Fix vLLM server-mode generation in `OnlineDPOTrainer` by qgallouedec · Pull Request #6228 · huggingface/trl

qgallouedec · 2026-06-30T17:12:57Z

Background

OnlineDPOTrainer generates 2 completions per prompt to form a preference pair, and everything downstream (reward computation, rewards.split(batch_size), the chosen/rejected split) assumes a block layout: the first half of the batch is one completion per prompt, the second half the other (prompt i at rows i and i+N). The colocate and transformers generation paths both produce exactly this layout.

Unlike GRPO, Online DPO does not duplicate prompts in the batch (no RepeatSampler).

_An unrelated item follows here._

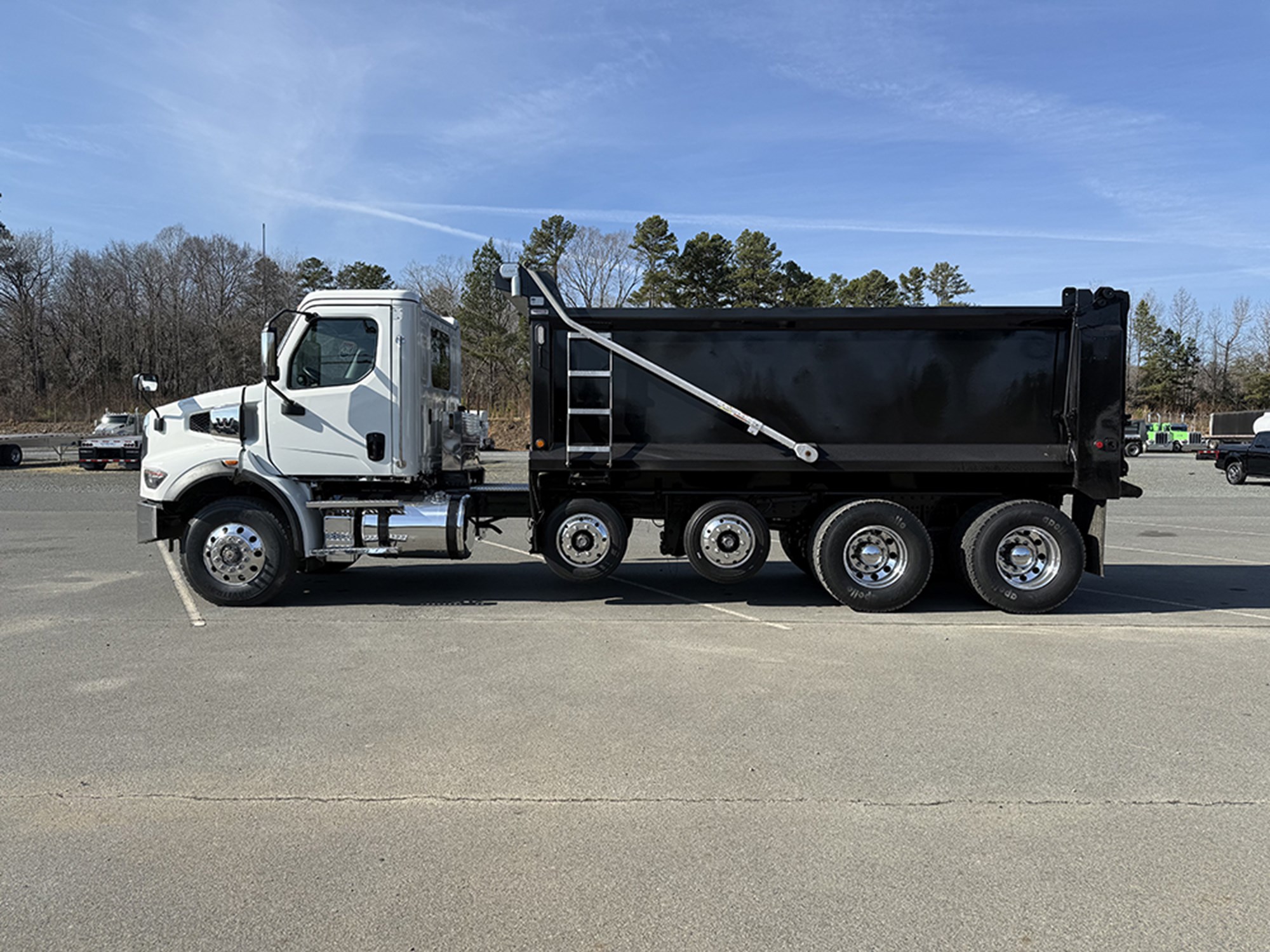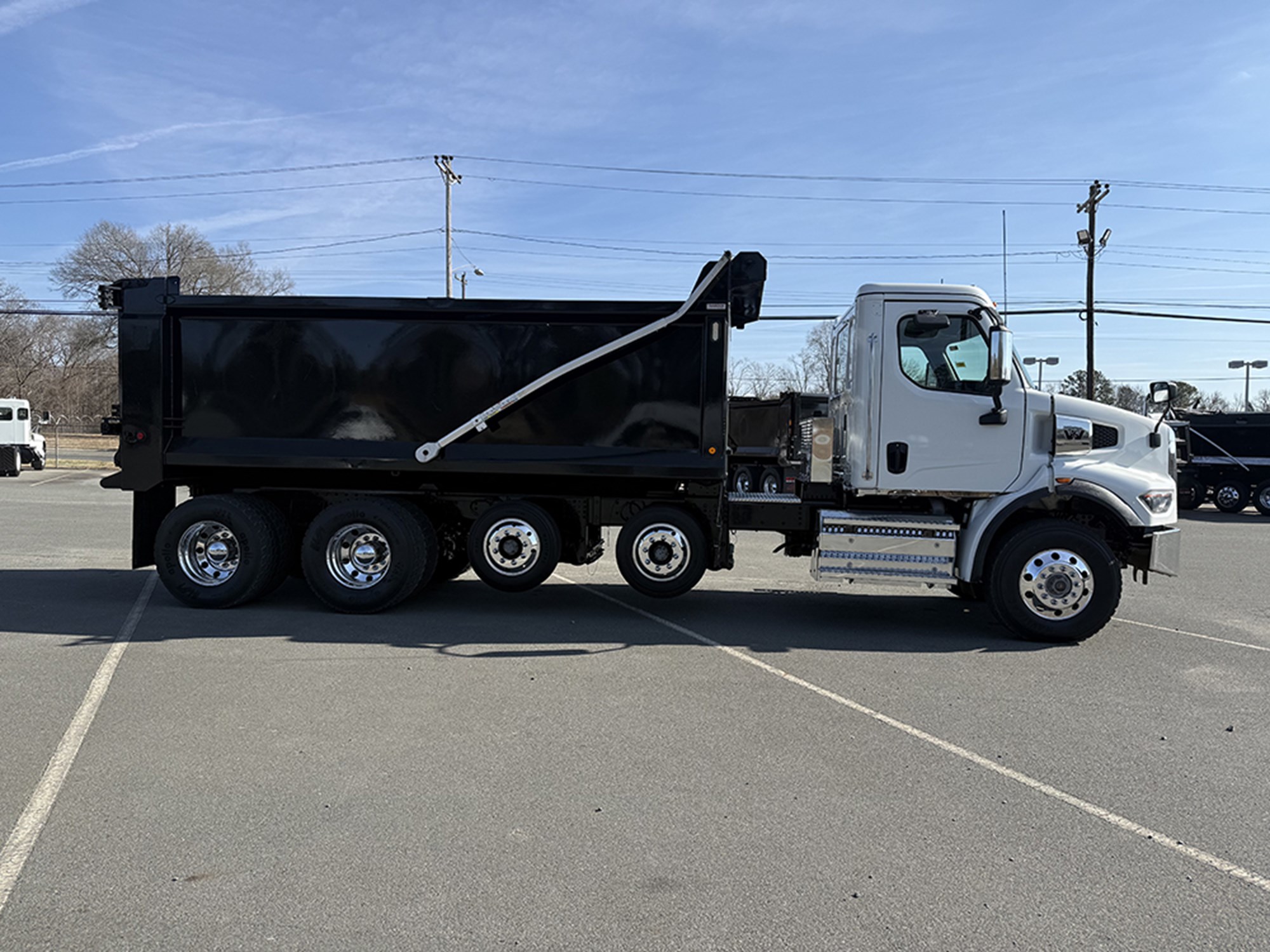 2024 Western Star 47X Quad Axle 18′ Heritage Steel Dump Cummins X12 475 HP Allison 4500RDS Automatic Transmission 18000# Front 46000# Rear (2) 9880# Lift Axles P/S A/C Power Windows Mirrors and Locks Heated Mirrors Cruise Tilt Intraxle and Diff Lock 2-Way Gate 60″ Sides Electric Tarp Asphalt Taper 80 Gallon Aluminum Tank. Ask About Our Warranty and Finance Options!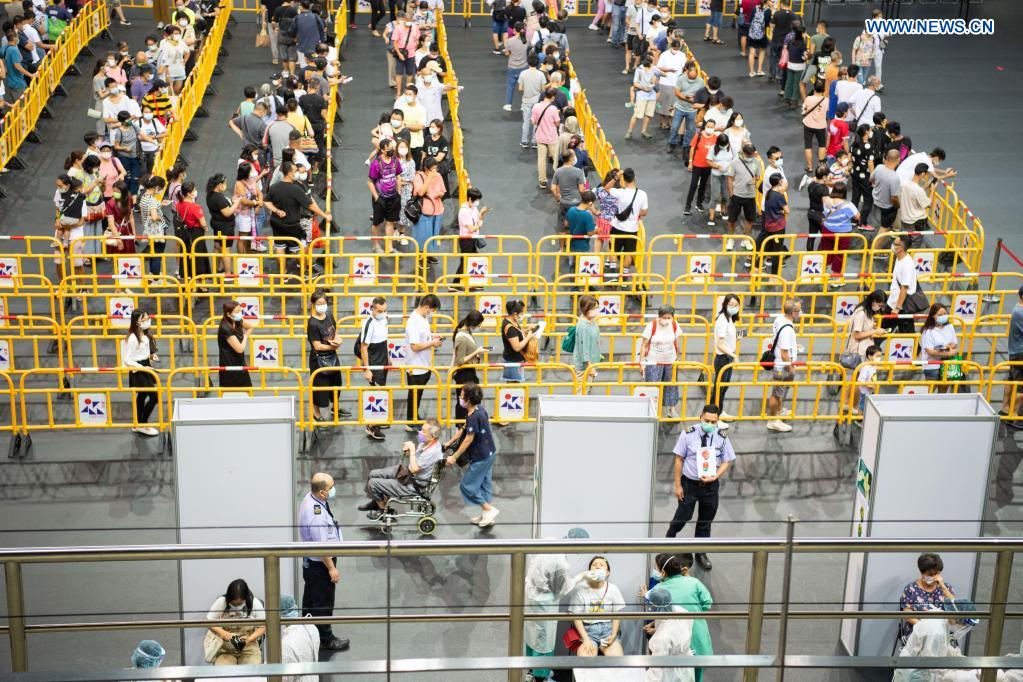 Residents line up to take COVID-19 nucleic acid tests in Macao, south China, Aug. 4, 2021. The mass testing, started from 9:00 a.m. local time Wednesday, is expected to be completed within three days, according to the Novel Coronavirus Response and Coordination Center of Macao. (Xinhua/Cheong Kam Ka)

The vLLM server path (_generate_vllm_server) was copy-pasted from GRPO and never adapted to these semantics. As a result it has been broken since the feature was introduced in #3783: it ran without crashing but trained on meaningless data.

The bugs

Three compounding issues in _generate_vllm_server:

Double-flatten (OnlineDPOTrainer._generate_vllm_server() flattens vllm-serve completion_ids twice #5514). VLLMClient.generate(...)["completion_ids"] already returns list[list[int]] (one token-id list per completion), but the trainer re-flattened it, turning every token into its own single-token completion.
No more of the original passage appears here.